(Material shown)
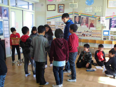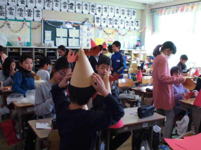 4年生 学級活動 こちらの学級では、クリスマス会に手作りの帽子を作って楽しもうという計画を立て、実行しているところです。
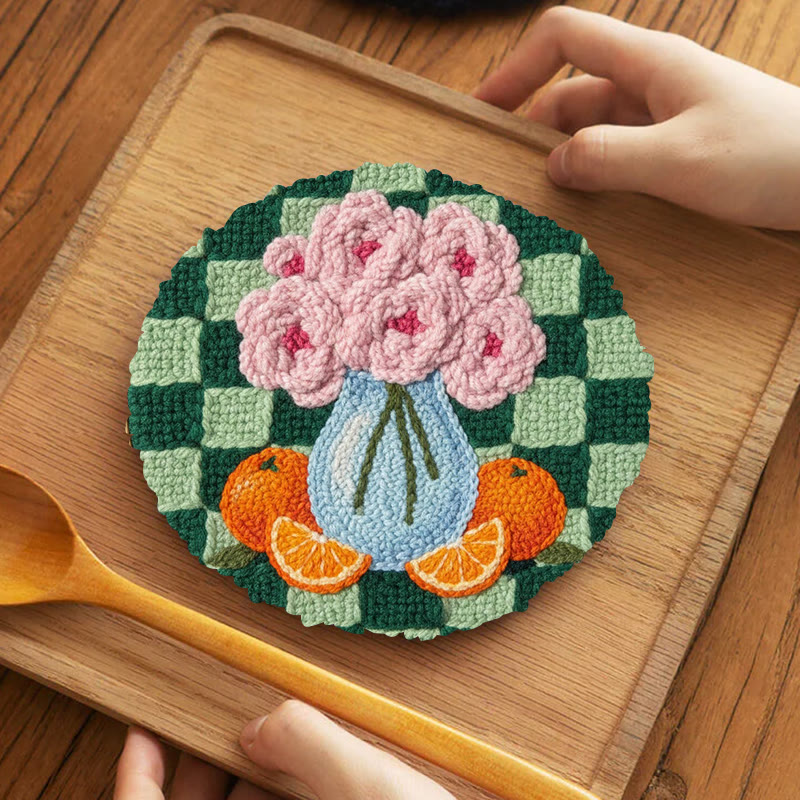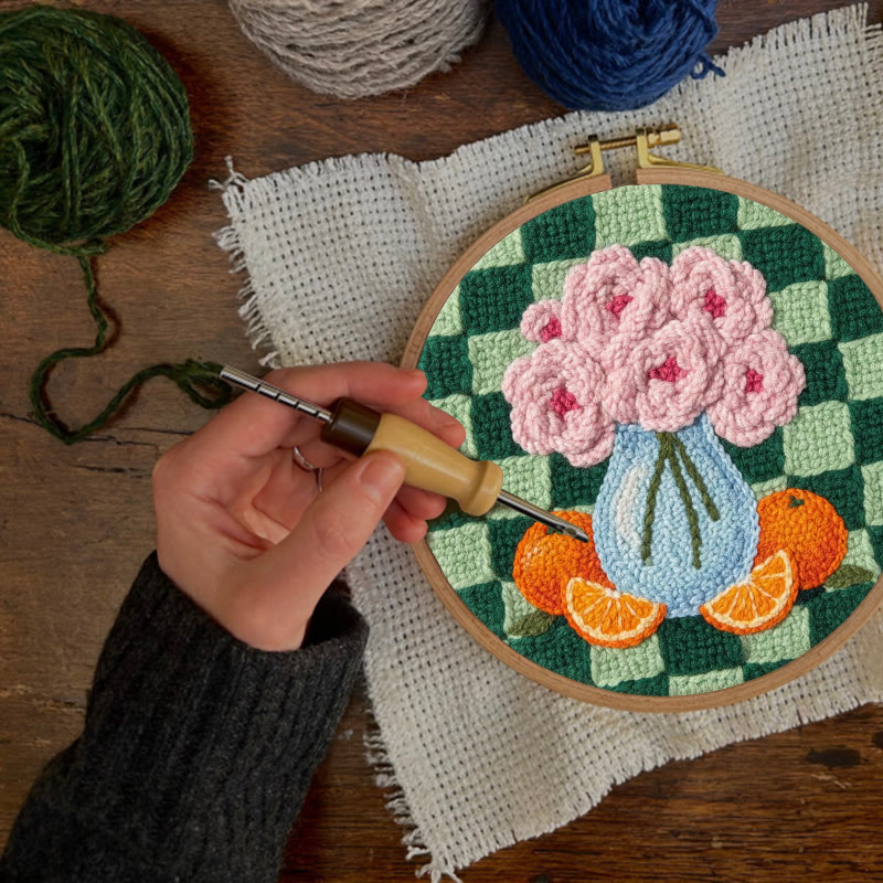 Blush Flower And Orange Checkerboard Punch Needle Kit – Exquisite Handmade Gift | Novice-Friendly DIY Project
(End Material shown)
(Material shown)
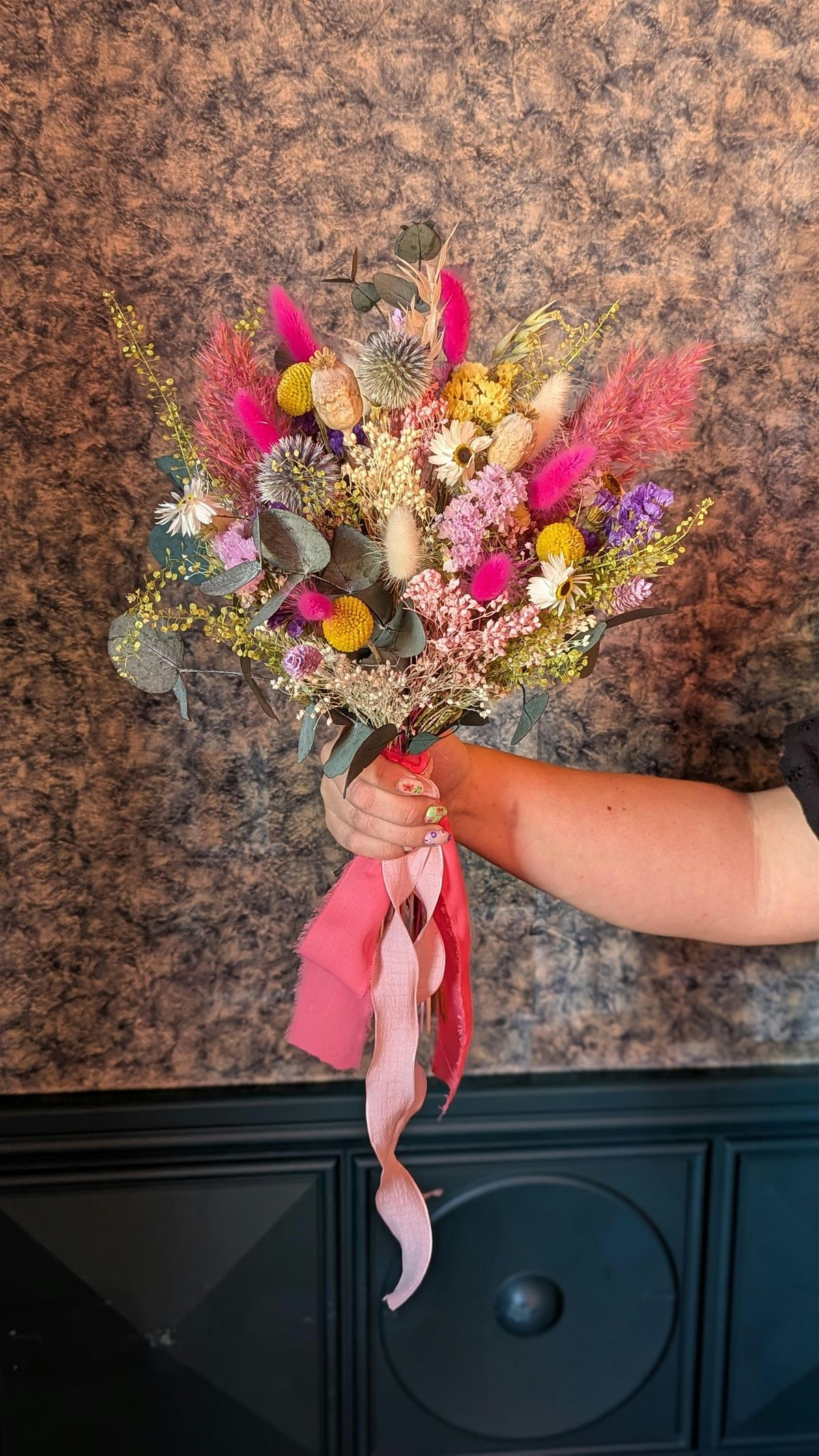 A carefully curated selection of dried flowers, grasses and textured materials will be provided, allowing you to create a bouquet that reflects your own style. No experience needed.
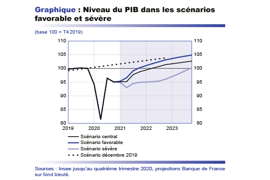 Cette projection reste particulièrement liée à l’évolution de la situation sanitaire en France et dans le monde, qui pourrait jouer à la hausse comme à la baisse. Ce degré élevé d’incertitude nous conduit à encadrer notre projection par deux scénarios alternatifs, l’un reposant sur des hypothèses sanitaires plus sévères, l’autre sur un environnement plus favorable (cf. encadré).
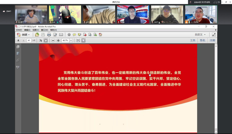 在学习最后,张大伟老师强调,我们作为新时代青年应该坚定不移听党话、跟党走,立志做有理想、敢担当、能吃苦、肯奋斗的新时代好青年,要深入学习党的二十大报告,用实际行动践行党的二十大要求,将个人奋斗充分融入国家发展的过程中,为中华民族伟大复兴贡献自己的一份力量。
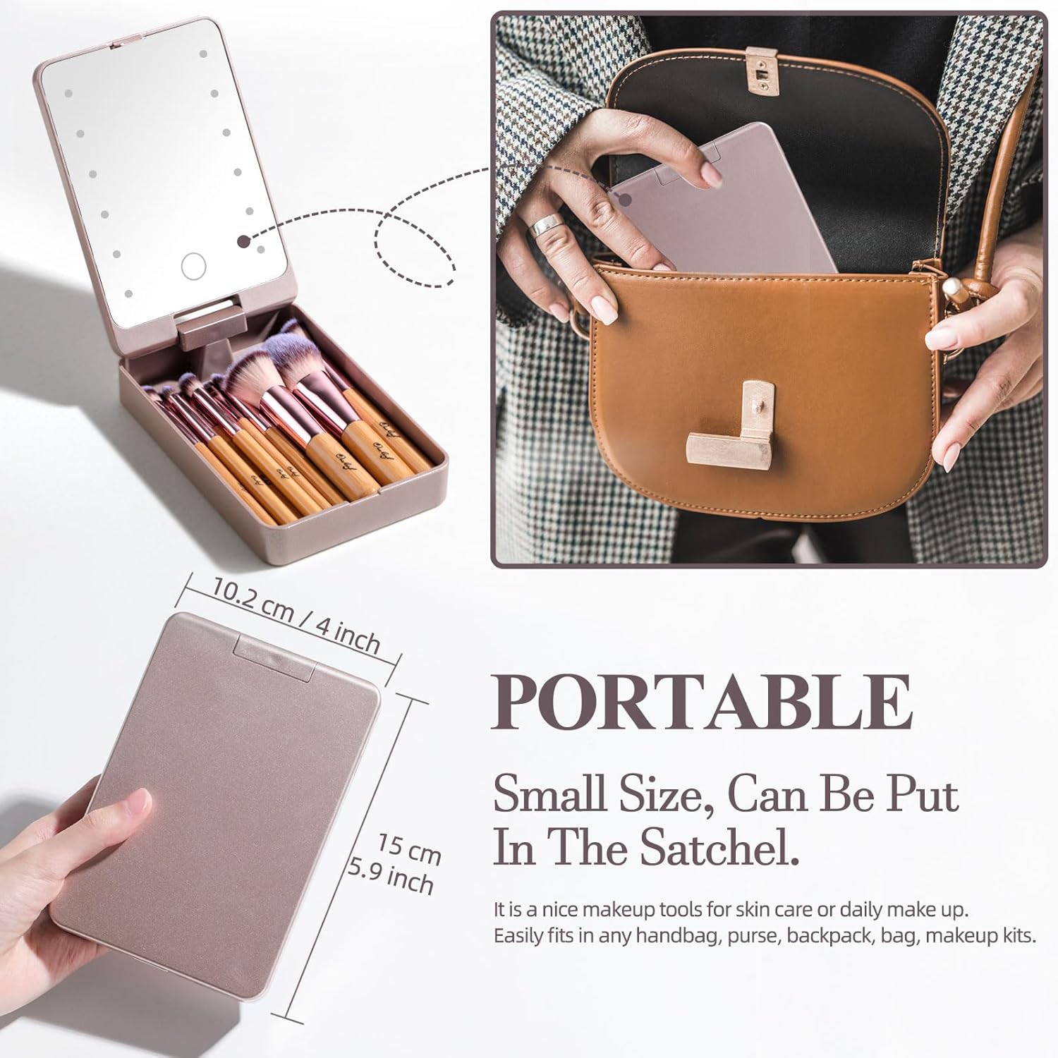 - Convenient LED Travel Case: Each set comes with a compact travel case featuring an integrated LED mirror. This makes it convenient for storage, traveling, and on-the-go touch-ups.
(End Material shown)
(Material shown)
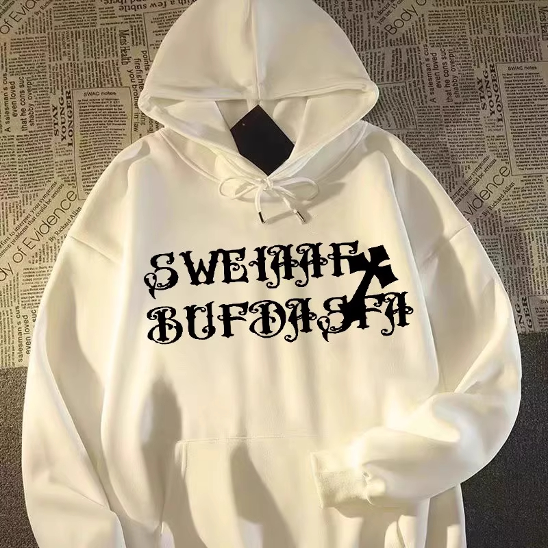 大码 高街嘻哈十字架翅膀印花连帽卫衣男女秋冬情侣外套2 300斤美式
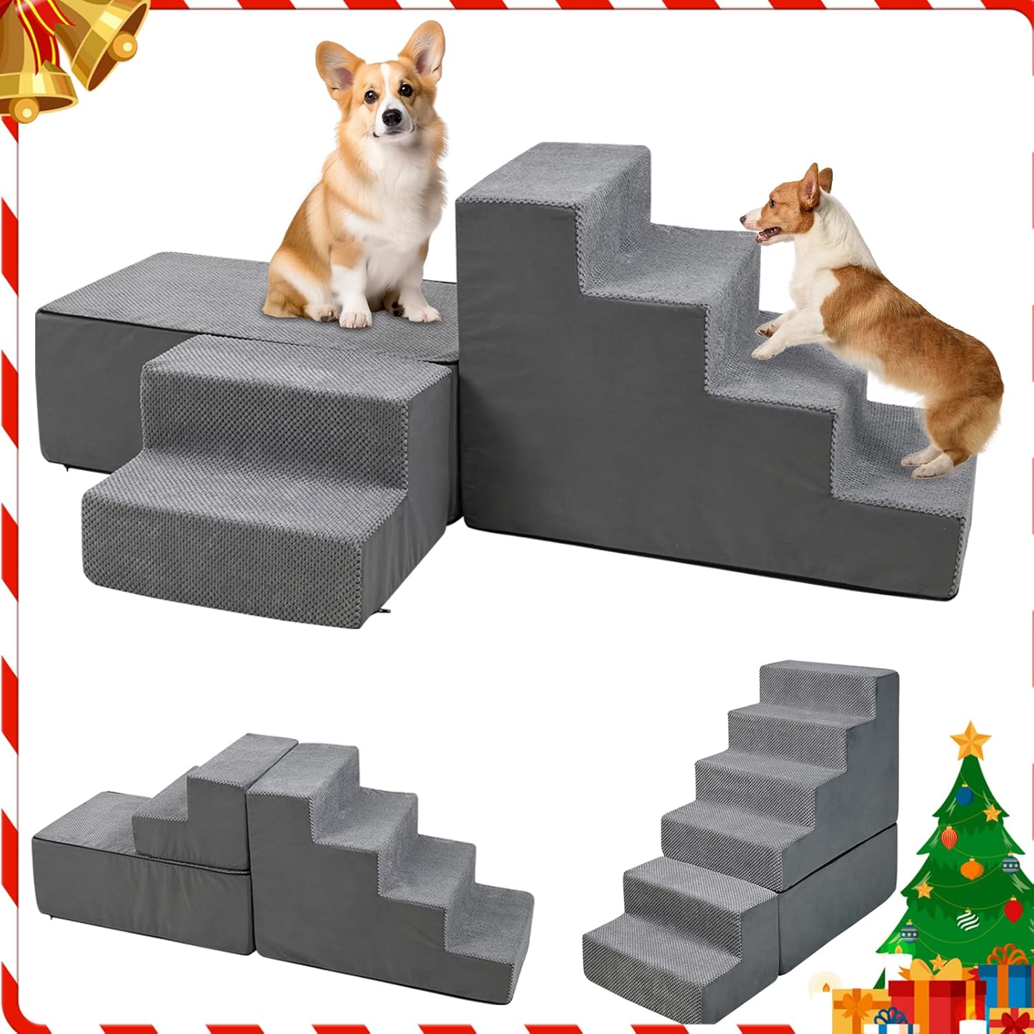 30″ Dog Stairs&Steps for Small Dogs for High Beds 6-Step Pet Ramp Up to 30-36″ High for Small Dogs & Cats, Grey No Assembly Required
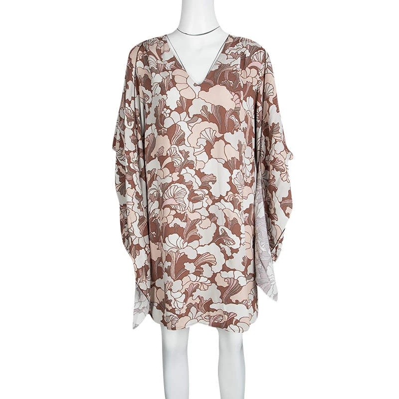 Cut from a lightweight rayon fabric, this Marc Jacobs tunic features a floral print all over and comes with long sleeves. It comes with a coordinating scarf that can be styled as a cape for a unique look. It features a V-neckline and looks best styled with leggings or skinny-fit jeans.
(End Material shown)
→ What you have to do: Set the pictures aside and retype exactly the lines above from the line with "4年生 学級活動 こちらの学級では、クリスマス会に手作りの帽子を作って楽しもうという計画を立て、実行しているところです。" to the line with "Blush Flower And", both included, adding no others.

→ Written answer:
 4年生 学級活動 こちらの学級では、クリスマス会に手作りの帽子を作って楽しもうという計画を立て、実行しているところです。
 Blush Flower And Orange Checkerboard Punch Needle Kit – Exquisite Handmade Gift | Novice-Friendly DIY Project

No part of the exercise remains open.